All records are to be restated word for word, with pictures excluded.
(Beginning of DATA IN THIS EXERCISE)
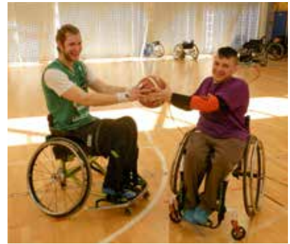
V finalnem derbiju med DPLjubljana Mercator in DP Maribor Palfinger marino na XV. pokalu ZPS sta igrala tudi dva prekmurska košarkaša.
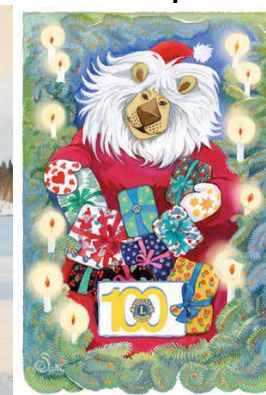
100-VUOTIAAN LEIJONAN JOULU
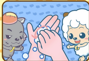
6. Je fais des cercles dans ma paume avec le bout des doigts pour nettoyer sous mes ongles.
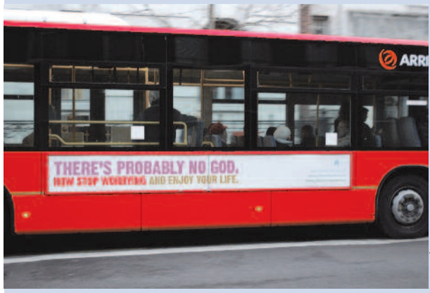
Richard Dawkins kampánya a londoni 25-ös busz oldalán
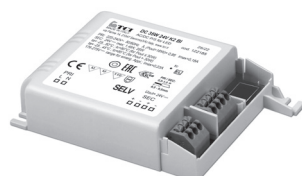
DC 35W K2 BI
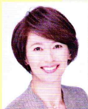
ありもり ゆうこ 有森 裕子
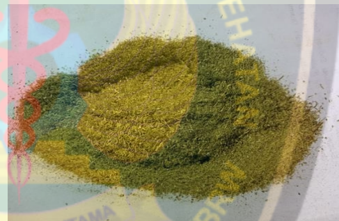
Serbuk daun jambu biji
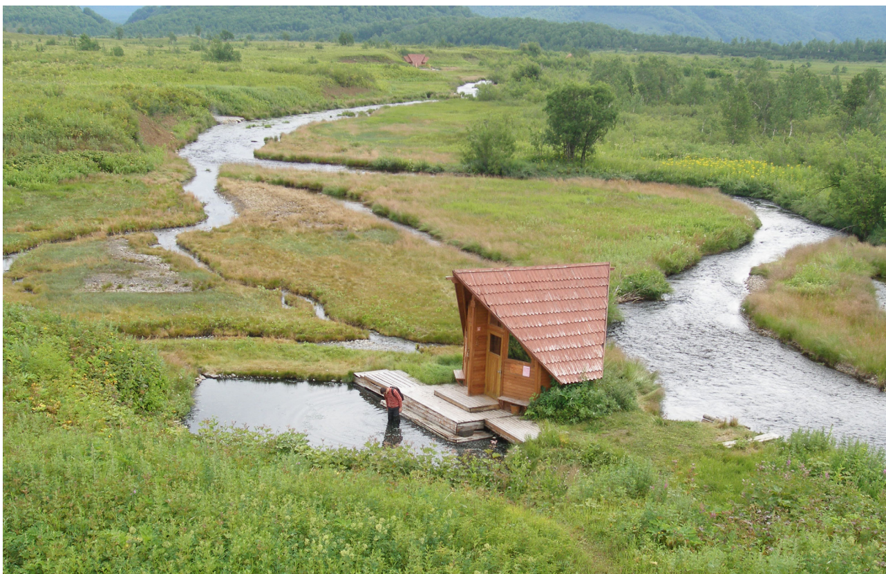
Рис. 3. Термальная площадка «Первая лужа».
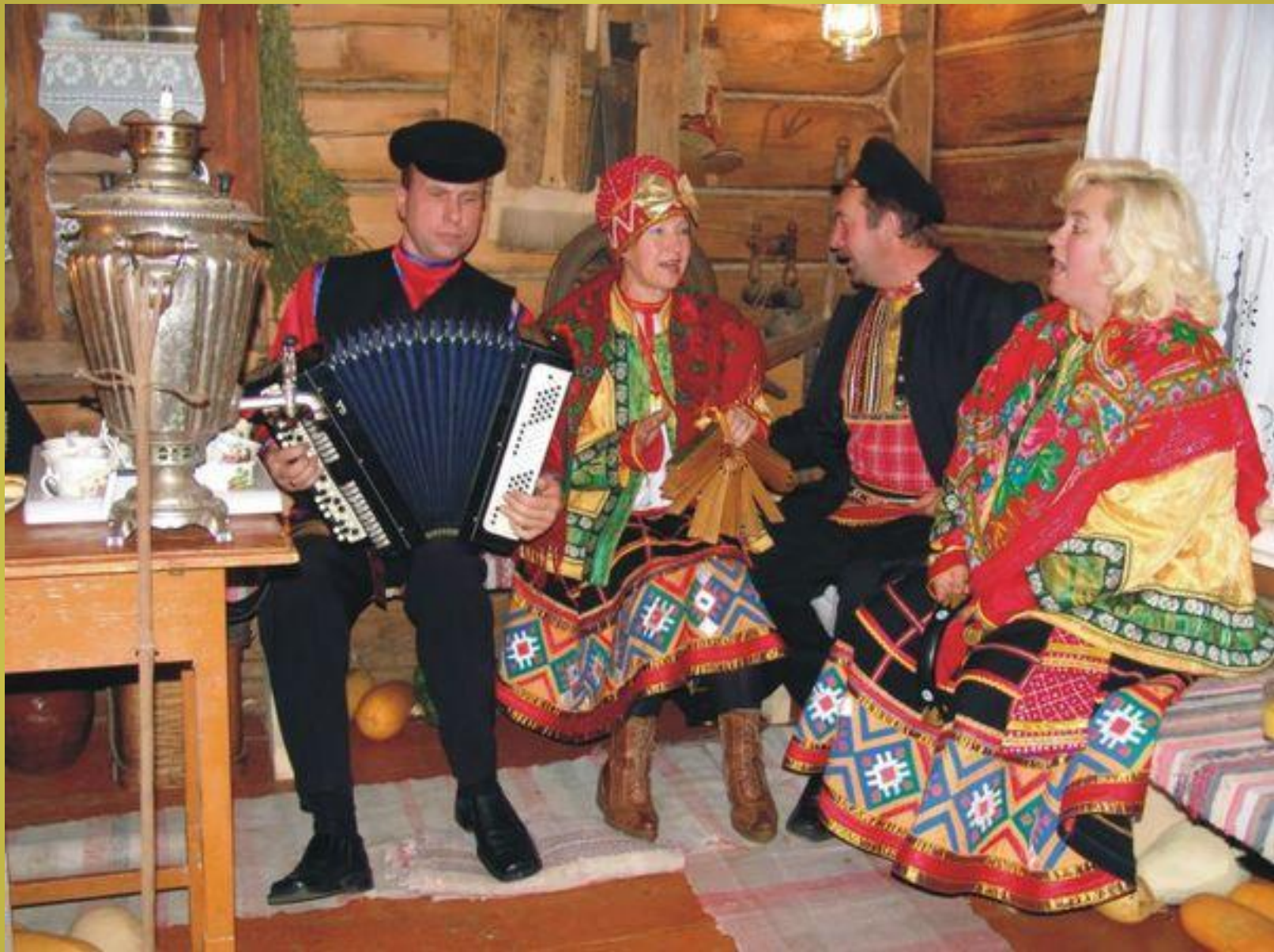
Суббота – посиделки.
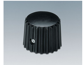
A1321160 DREHKNOPF, mit seidl. Schraubbefestigung ABS (UL 94 HB) schwarz RAL 9005 20x16mm 6mm
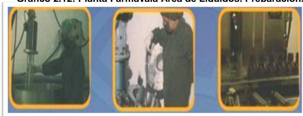
Grafico 2.12: Planta Farmavala Área de Líquidos. Preparación.

Fuente: Corporación Farmayala Pharmaceutical Company S.A. Galería 2012. Elaborado por: FARMAYALA S.A.
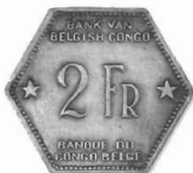
5. Repubblica napoletana (anno VII - 1799) - 6 carlini / 6. Monezzazione Dogale per il Levante, Ludovico Manin (1789) - Tallero / 7. Congo Belga, Leopoldo III (1943) - 2 franchi.
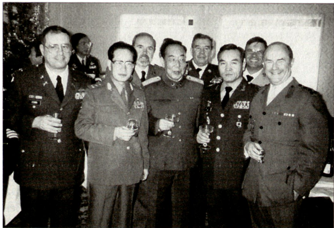
Was die NNSC tun kann: «To bring together» von links nach rechts: Amerikaner, Nordkoreaner, Schweizer, Chineser, Pole, Südkoreaner, Franzose und Brite. Offiziere zusammen in der JSA in Panmunjom anlässlich der Weihnachtsfeier 1991* 61
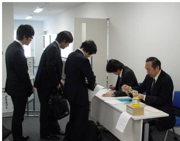
写真-1 会場受付の様子

また、発表していただいた方に対して、今後の励みとなるよう優秀発表者を選出し、発表会後の懇親会で、表彰を行いました。
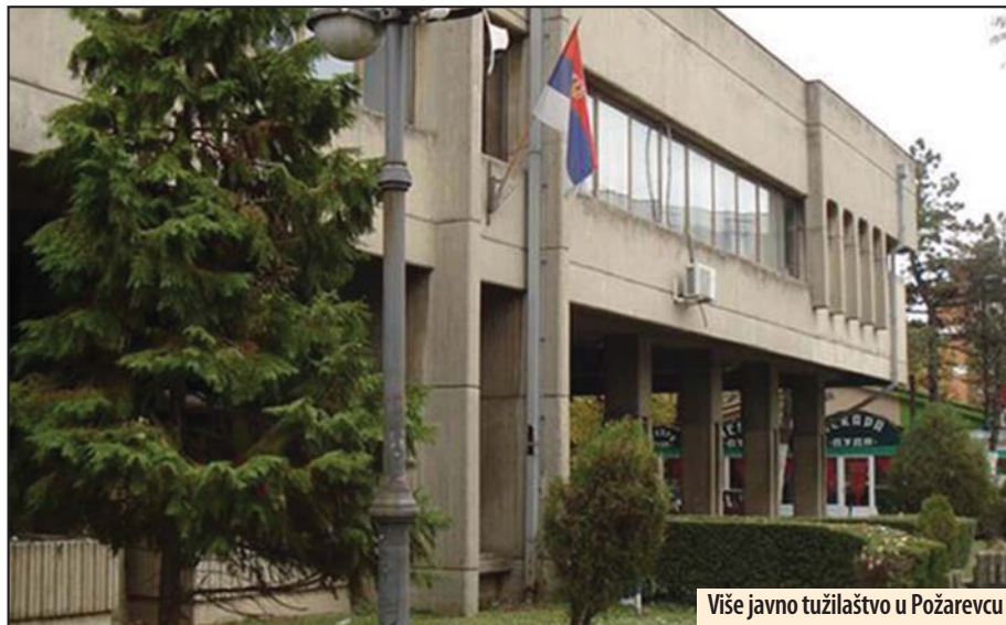
Više javno tužilaštvo u Požarevcu
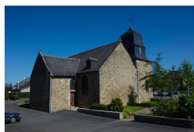
Vue générale : côté sud-est IVR53_20133501628NUCA
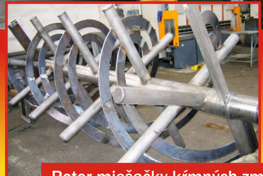
Rotor miešačky krmných zmesí
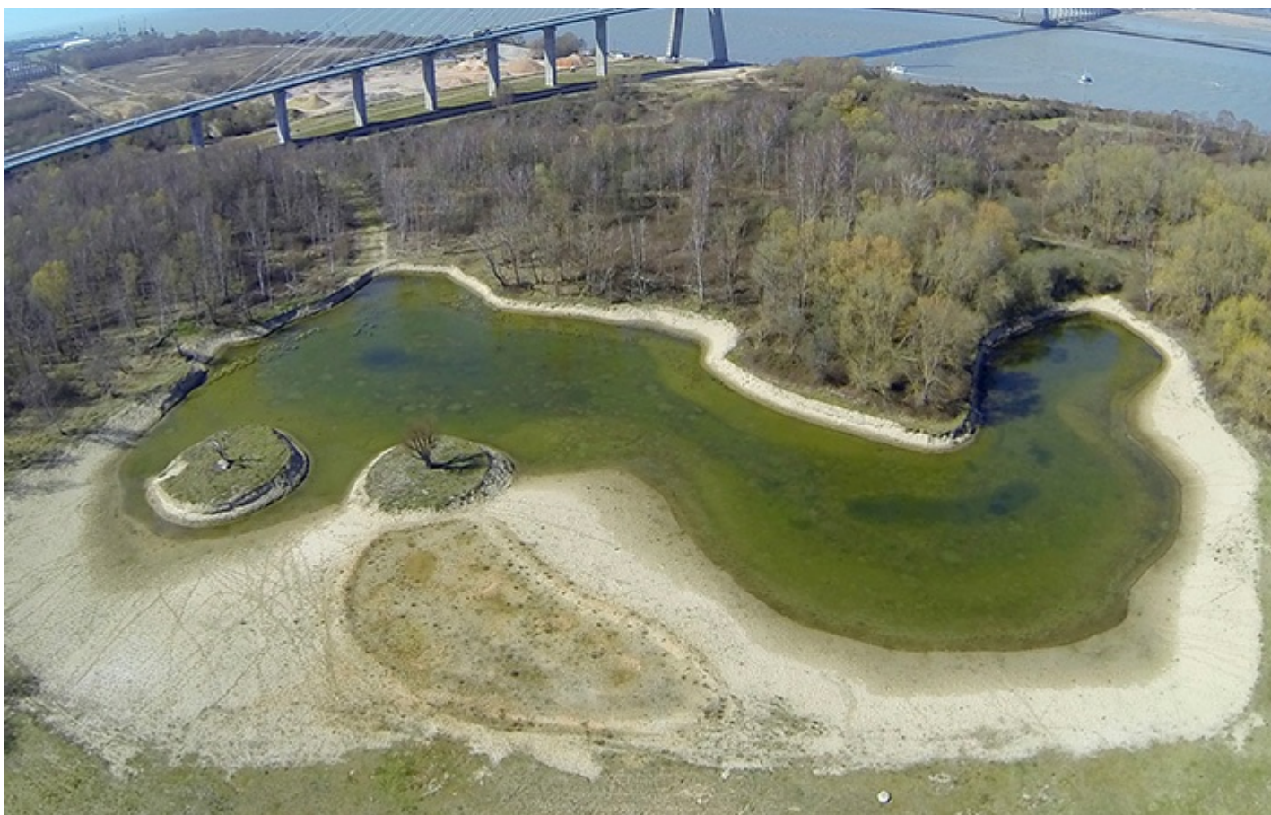
Création de zones humides à Honfleur
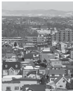
10月は土地月間です
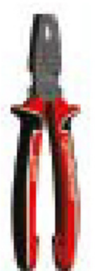
Мультиклещи для удаления изоляции
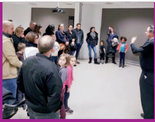
Nouveaux arrivants P. 01
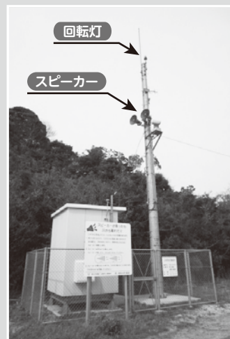
かみくりはら 放流警報局 (大津町上来原地内)
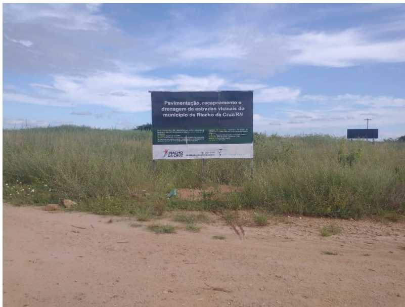
FIGURA 1 – PLACA DE IDENTIFICAÇÃO DA OBRA;

RELATÓRIO FOTOGRÁFICO: QUARTA MEDIÇÃO – PERÍODO 23.11.2022 A 19.05.2023
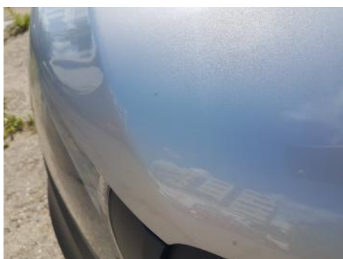
Fot. 29 Pokrywa komory silnika (Rysa/Odprysk 2)
(End of DATA IN THIS EXERCISE)
→ RESPONSE BELOW:
V finalnem derbiju med DPLjubljana Mercator in DP Maribor Palfinger marino na XV. pokalu ZPS sta igrala tudi dva prekmurska košarkaša.
100-VUOTIAAN LEIJONAN JOULU
6. Je fais des cercles dans ma paume avec le bout des doigts pour nettoyer sous mes ongles.
Richard Dawkins kampánya a londoni 25-ös busz oldalán
DC 35W K2 BI
ありもり ゆうこ 有森 裕子
Serbuk daun jambu biji
Рис. 3. Термальная площадка «Первая лужа».
Суббота – посиделки.
A1321160 DREHKNOPF, mit seidl. Schraubbefestigung ABS (UL 94 HB) schwarz RAL 9005 20x16mm 6mm
Grafico 2.12: Planta Farmavala Área de Líquidos. Preparación.

Fuente: Corporación Farmayala Pharmaceutical Company S.A. Galería 2012. Elaborado por: FARMAYALA S.A.
5. Repubblica napoletana (anno VII - 1799) - 6 carlini / 6. Monezzazione Dogale per il Levante, Ludovico Manin (1789) - Tallero / 7. Congo Belga, Leopoldo III (1943) - 2 franchi.
Was die NNSC tun kann: «To bring together» von links nach rechts: Amerikaner, Nordkoreaner, Schweizer, Chineser, Pole, Südkoreaner, Franzose und Brite. Offiziere zusammen in der JSA in Panmunjom anlässlich der Weihnachtsfeier 1991* 61
写真-1 会場受付の様子

また、発表していただいた方に対して、今後の励みとなるよう優秀発表者を選出し、発表会後の懇親会で、表彰を行いました。
Više javno tužilaštvo u Požarevcu
Vue générale : côté sud-est IVR53_20133501628NUCA
Rotor miešačky krmných zmesí
Création de zones humides à Honfleur
10月は土地月間です
Мультиклещи для удаления изоляции
Nouveaux arrivants P. 01
かみくりはら 放流警報局 (大津町上来原地内)
FIGURA 1 – PLACA DE IDENTIFICAÇÃO DA OBRA;

RELATÓRIO FOTOGRÁFICO: QUARTA MEDIÇÃO – PERÍODO 23.11.2022 A 19.05.2023
Fot. 29 Pokrywa komory silnika (Rysa/Odprysk 2)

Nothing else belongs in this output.